The same reasoning cannot be applied to the facts in this case. The defendant here did not expressly or impliedly consent to the recording of his conversation with the alleged victim. The defendant was not aware of the police officers' presence at the time he conversed with the alleged victim, nor did he know that they were recording his conversation. Instead, the defendant was under the assumption that his conversation with the alleged victim was private. Thus, the facts of this case, unlike those in Beardsley, demonstrate that the police recorded a conversation without the consent of all the parties to the conversation in violation of the eavesdropping statute.

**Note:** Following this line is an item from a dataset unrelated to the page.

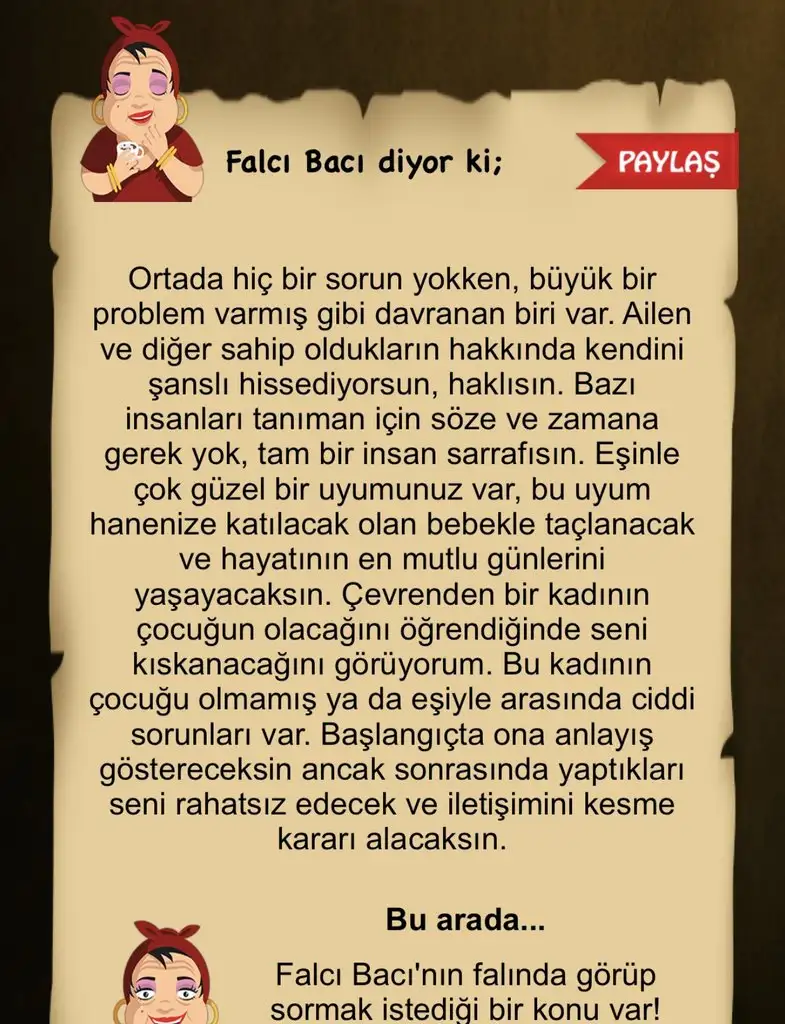 Sonra bi komşumuz bakmıştı falıma. Fincanın tam tabanında, göbeğinde cenin gibi bişi gösterdi. "Şu an hamile değilsin ama senin çocuk hazır, bekliyo sanki bi yerde" dedi şok olmuştum. Teyzenin yazık ne çocuk planımızdan ne de tüp bebek teknolojisinden haberi var yani o kadar uzak mevzuya. Annemle göz göze gelmiştik. Senin çocuk hazırda bekliyo nedir yaa? Nerden tutturdun bebemin o sırada donmuş halde beklediğini? :)) Evleneceğim tarihi de bilmişti o benim.

Despite the factual disparity between this case and Beardsley, the majority opinion nevertheless relies on Beardsley as support for its conclusion that the disputed recording did not violate the eavesdropping statute. Specifically, the majority relies upon a statement made in Beardsley that "our eavesdropping statute should not prohibit the recording of a conversation by a party to that conversation or one known by the parties thereto to be present." (Emphasis omitted.) ( Beardsley, 115 Ill. 2d at 56.) This statement, which suggests that the consent of one party to a conversation is sufficient under the eavesdropping statute, stands in direct conflict with the express language of the statute itself, which clearly requires the consent of all parties to a conversation before a recording is permissible. To the extent that Beardsley suggests that the consent of one but not all parties to a conversation is sufficient under the eavesdropping statute, that holding was wrong and should be repudiated. (See Beardsley, 115 Ill. 2d at 59 (Simon, J., specially concurring).) The majority opinion perpetuates this erroneous construction of the statute and holds that any party to a conversation may allow the police to make a secret recording of it. This holding is in direct conflict with the explicit language of the eavesdropping statute. I strenuously dissent from the majority's failure to enforce the plain language of the eavesdropping statute.
For the reasons stated, the police's recording of the defendant's conversation violated the Illinois eavesdropping statute. Since the police officers had no authority to record the conversation, the recording and transcripts of statements made by the defendant to the alleged victim during the conversation were properly suppressed. Accordingly, I dissent from the majority's decision.
The Honorable Justice McMORROW joins in this dissent.